No, that's not correct. There is an element of free will involved, but it is more proper to speak of God as the Actor, the Instigator. We are the lost sheep. God is the Good Shepherd who finds us.
I don't, but isn't that what Scriptures say will happen if you are not redeemed?
Yes, but why would you assume the Khmer's victims were irredeemed?
I don't follow that. If they died without accepting Jesus, doesn't the N.T. say they're going to Hell forever?
We believe in a just and merciful God. Overly-literal readings of the Scripture tend to reduce God to something less.
We believe all are saved through Jesus, through the Cross. This need not be overtly recognizable to all. If God chooses to redeem an untouched tribesman in the remote wilderness, what business is it of ours?
Does Scripture make such an exception, or is that your opinion?
I believe God's sovereignity is on display in Scripture.

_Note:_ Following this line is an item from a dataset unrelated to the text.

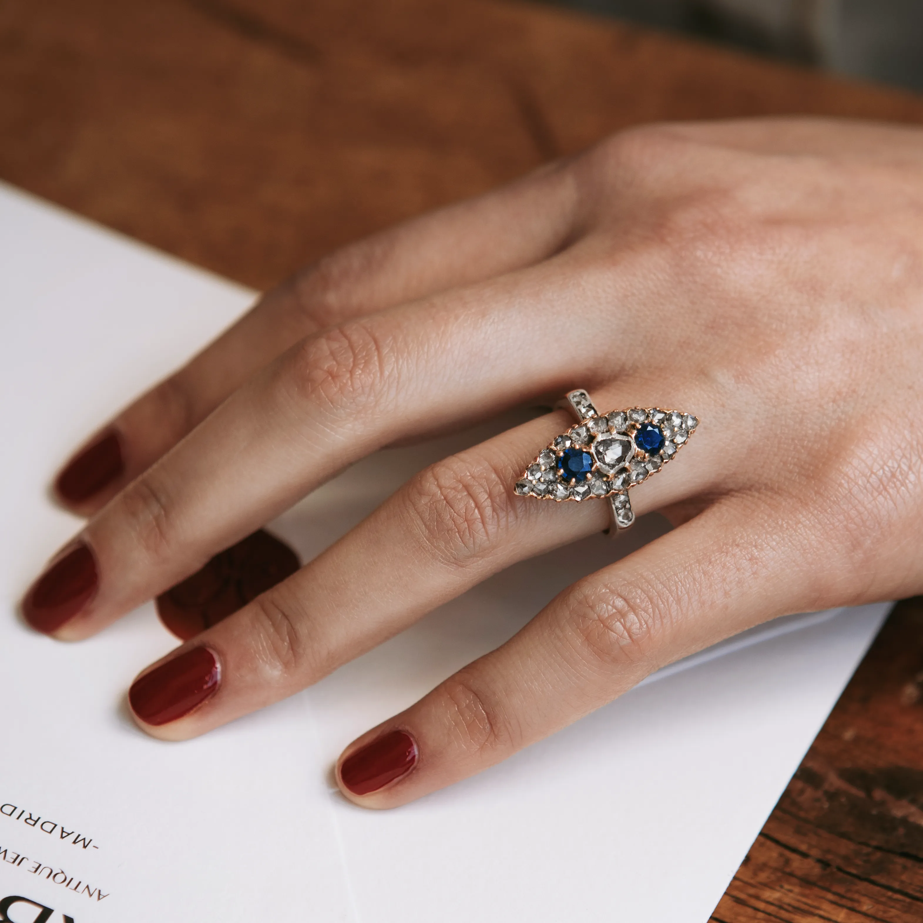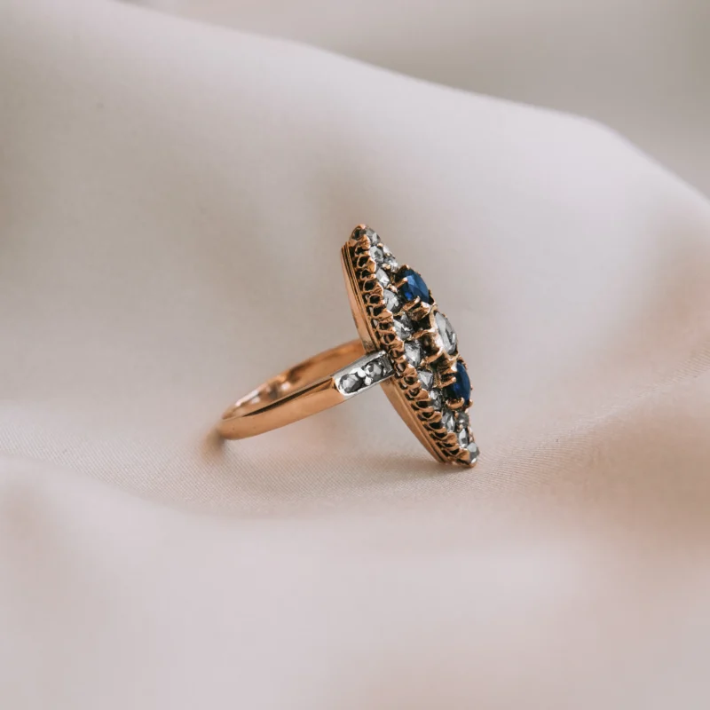 Lanzadera del siglo XIX de oro rosa y vistas parciales de plata con 27 diamantes talla rosa y dos zafiros talla redonda.

It is a well-established Catholic doctrine that while God provided the Church to act as the normative means of communicating His Salvation to us, He is free to save those who are "invincibly ignorant" of the need for Jesus and the Church.
This is not saying all who are putatively ignorant are thereby saved. Far from it. The presumptions would be against such a thing. But God is not tied to the rules He imposes upon us. If He sees fit to work through and save an ignorant one, so be it.
SD
Yes, but why would you assume the Khmer's victims were irredeemed?
Because Christianity was rare in Cambodia at the time the Khmer murdered 2 million Cambodians.
We believe in a just and merciful God. Overly-literal readings of the Scripture tend to reduce God to something less.
So when scripture says no one shall enter the Kingdom but through Jesus, that isn't true?